Aim of the exercise ▸
Leave the pictures out while you restate every entry below word for word.
Provided information Start Marker
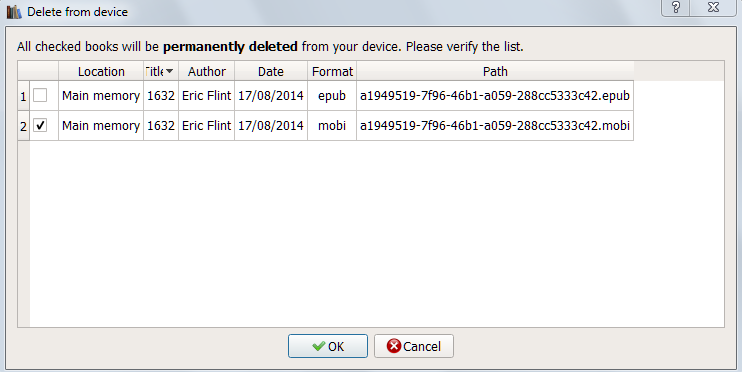 I detected the duplicates in Calibre and deleted them from Calibre but they exist on the device as detected by Calibre. Can I make Calibre delete the copies on the device? In Calibre I see a book and in the On Device column I see next to the green check mark in parentheses either (two books) or (three books) for the ones with duplicates. In Calibre, when I select the book, use the context menu, I see Remove Books options. The only option for removing from device removes all of the copies of a book, not just the duplicates. Options as I see them are: 1) Delete the entire library off of the device and reload it. 2) Go through each book on the device and manually identify duplicates and delete them. 3) Since my library is on the SD card on the device, I can place the SD card on the PC SD Card Reader and use a PC duplicate finder to find them and delete them. Do you have an opinion on which of these would be easiest to accomplish? Thank you for all of your work. Last edited by gsparks2; 08-17-2014 at 10:41 AM. |
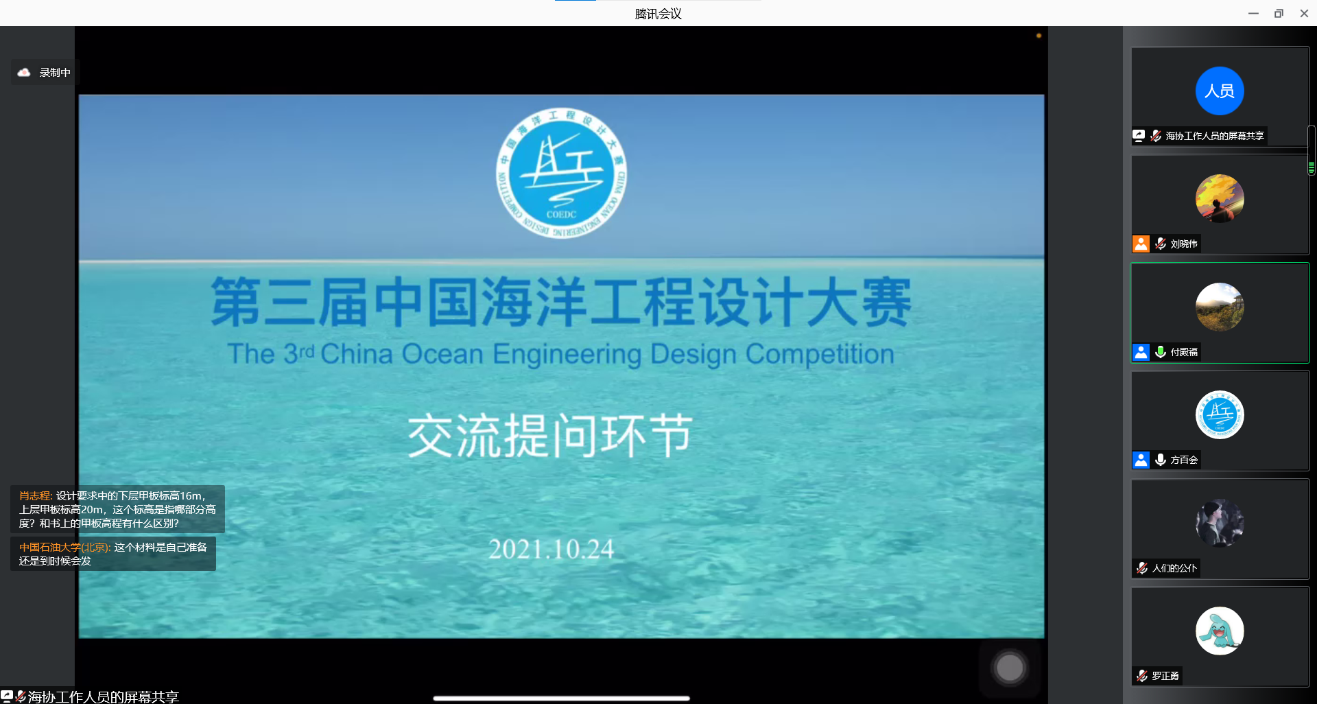 10月24日,由中国海洋工程设计大赛组委会主办的第三届中国海洋工程设计大赛赛题解读会以线上会议的形式顺利召开,本次赛题解读会邀请到中海油研究总院工程设计院副院长付殿福担任主讲嘉宾,会议由大赛组委会工作人员、中石大安全学院团委书记方百会主持,各高校参赛选手和指导老师共计400余人参加了此次会议。
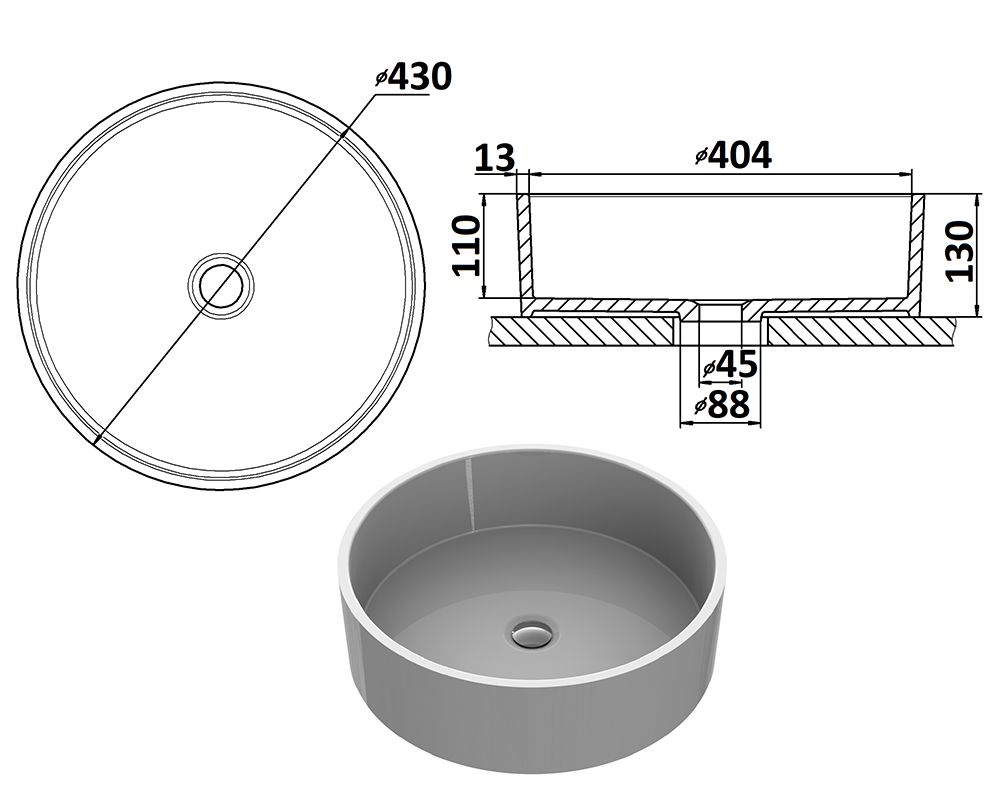 Умывальник «Оазис» 43 см белый А100 глянец | 170A100
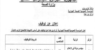 اعلان عن توظيف المؤسسة العمومية للصحة الجوارية ذراع بن خدة تيزي وزو ads تعلن المؤسسة العمومية للصحة الجوارية ذراع بن خدة تيزي وزو عن فتح مسابقة توظيف في الرتب المبينة ادناه مهندس دولة في الاعلام الالي عدد المناصب 01 منصب نمط التوظيف: مسابقة على …
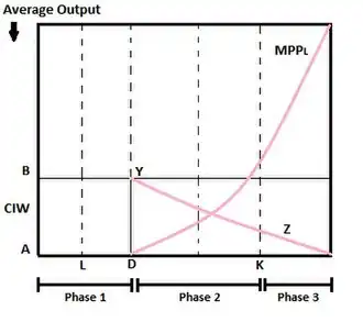 After AD, MP begins to rise, and industrial labor rises from zero to a value equal to AD. AP of agricultural labor is shown by BYZ and we see that this curve falls downward after AD. This fall in AP can be attributed to the fact that as agricultural laborers shift to the industrial sector, the real wage of industrial laborers decreases due to shortage of food supply, since less laborers are now working in the food sector. The decrease in the real wage level decreases the level of profits, and the size of surplus that could have been re-invested for more industrialization. However, as long as surplus exists, growth rate can still be increased without a fall in the rate of industrialization. This re-investment of surplus can be graphically visualized as the shifting of MP curve outwards. In Phase2 the level of disguised unemployment is given by AK.[4] This allows the agricultural sector to give up a part of its labor-force until
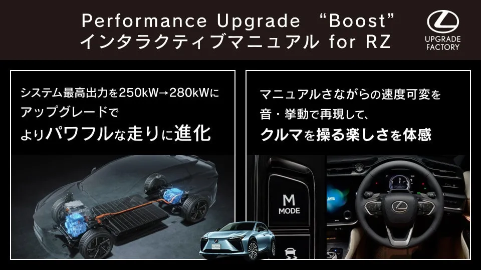 トヨタ自動車が展開する高級車ブランド、レクサス(LEXUS)は、最新のモデル RZ 500e “version L” に対する新しいパフォーマンスアップグレードを発表しました。このアップグレードは、「Performance Upgrade "Boost"」と「インタラクティブマニュアルドライブ」の二つの機能をセットで提供し、ドライビング体験を新たなレベルへ引き上げるものです。
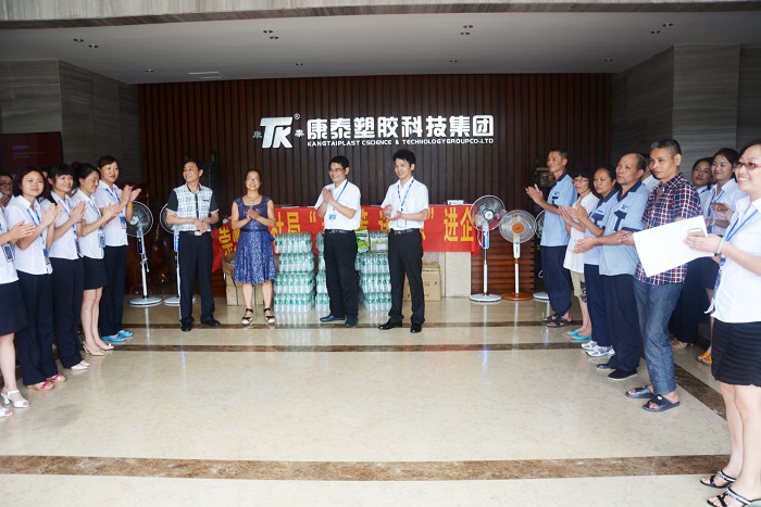 8月7日下午,崇州市人力資源和社會(huì)保障局副局長(zhǎng)、工會(huì)主席李茂清帶領(lǐng)局“送清涼”慰問(wèn)組,來(lái)到康泰塑膠科技集團(tuán)有限公司,工會(huì)主席吳彬及人事行政中心呂旭梅經(jīng)理接待了慰問(wèn)組。人社部門為公司職工送上了電風(fēng)扇、礦泉水、和防暑物品,并將有關(guān)勞動(dòng)安全、工資待遇等內(nèi)容的人社政策宣傳資料送到職工手中,使職工進(jìn)一步了解有關(guān)政策法規(guī),依法主動(dòng)保護(hù)自身合法權(quán)益。
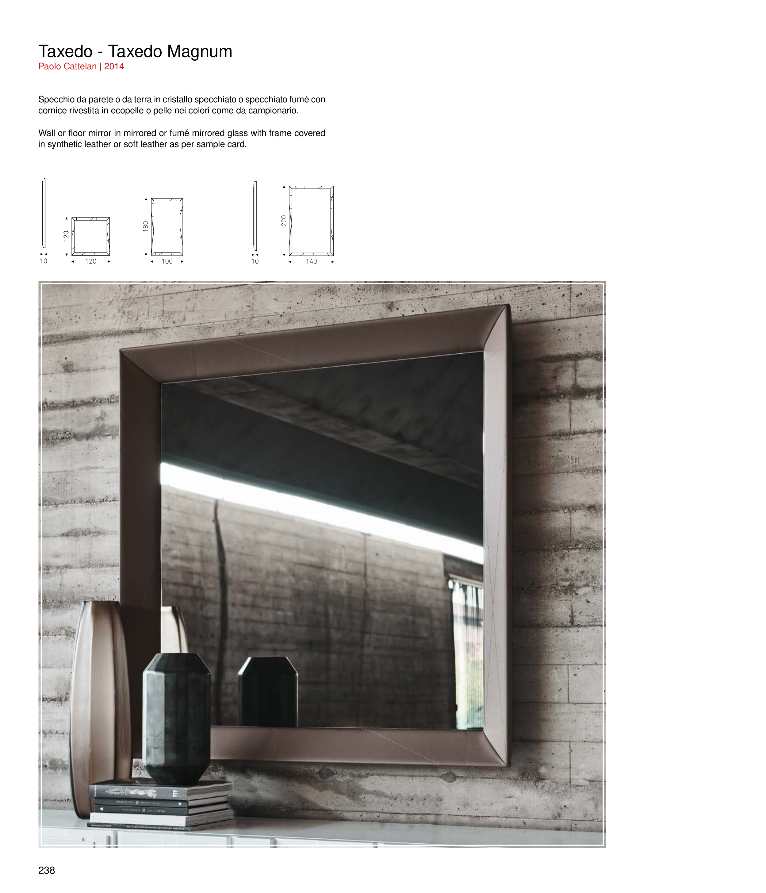 Wall or floor mirror in mirrored or fumé mirrored glass with frame covered
Provided information End Marker
Exercise result ▸
 I detected the duplicates in Calibre and deleted them from Calibre but they exist on the device as detected by Calibre. Can I make Calibre delete the copies on the device? In Calibre I see a book and in the On Device column I see next to the green check mark in parentheses either (two books) or (three books) for the ones with duplicates. In Calibre, when I select the book, use the context menu, I see Remove Books options. The only option for removing from device removes all of the copies of a book, not just the duplicates. Options as I see them are: 1) Delete the entire library off of the device and reload it. 2) Go through each book on the device and manually identify duplicates and delete them. 3) Since my library is on the SD card on the device, I can place the SD card on the PC SD Card Reader and use a PC duplicate finder to find them and delete them. Do you have an opinion on which of these would be easiest to accomplish? Thank you for all of your work. Last edited by gsparks2; 08-17-2014 at 10:41 AM. |
 10月24日,由中国海洋工程设计大赛组委会主办的第三届中国海洋工程设计大赛赛题解读会以线上会议的形式顺利召开,本次赛题解读会邀请到中海油研究总院工程设计院副院长付殿福担任主讲嘉宾,会议由大赛组委会工作人员、中石大安全学院团委书记方百会主持,各高校参赛选手和指导老师共计400余人参加了此次会议。
 Умывальник «Оазис» 43 см белый А100 глянец | 170A100
 اعلان عن توظيف المؤسسة العمومية للصحة الجوارية ذراع بن خدة تيزي وزو ads تعلن المؤسسة العمومية للصحة الجوارية ذراع بن خدة تيزي وزو عن فتح مسابقة توظيف في الرتب المبينة ادناه مهندس دولة في الاعلام الالي عدد المناصب 01 منصب نمط التوظيف: مسابقة على …
 After AD, MP begins to rise, and industrial labor rises from zero to a value equal to AD. AP of agricultural labor is shown by BYZ and we see that this curve falls downward after AD. This fall in AP can be attributed to the fact that as agricultural laborers shift to the industrial sector, the real wage of industrial laborers decreases due to shortage of food supply, since less laborers are now working in the food sector. The decrease in the real wage level decreases the level of profits, and the size of surplus that could have been re-invested for more industrialization. However, as long as surplus exists, growth rate can still be increased without a fall in the rate of industrialization. This re-investment of surplus can be graphically visualized as the shifting of MP curve outwards. In Phase2 the level of disguised unemployment is given by AK.[4] This allows the agricultural sector to give up a part of its labor-force until
 トヨタ自動車が展開する高級車ブランド、レクサス(LEXUS)は、最新のモデル RZ 500e “version L” に対する新しいパフォーマンスアップグレードを発表しました。このアップグレードは、「Performance Upgrade "Boost"」と「インタラクティブマニュアルドライブ」の二つの機能をセットで提供し、ドライビング体験を新たなレベルへ引き上げるものです。
 8月7日下午,崇州市人力資源和社會(huì)保障局副局長(zhǎng)、工會(huì)主席李茂清帶領(lǐng)局“送清涼”慰問(wèn)組,來(lái)到康泰塑膠科技集團(tuán)有限公司,工會(huì)主席吳彬及人事行政中心呂旭梅經(jīng)理接待了慰問(wèn)組。人社部門為公司職工送上了電風(fēng)扇、礦泉水、和防暑物品,并將有關(guān)勞動(dòng)安全、工資待遇等內(nèi)容的人社政策宣傳資料送到職工手中,使職工進(jìn)一步了解有關(guān)政策法規(guī),依法主動(dòng)保護(hù)自身合法權(quán)益。
 Wall or floor mirror in mirrored or fumé mirrored glass with frame covered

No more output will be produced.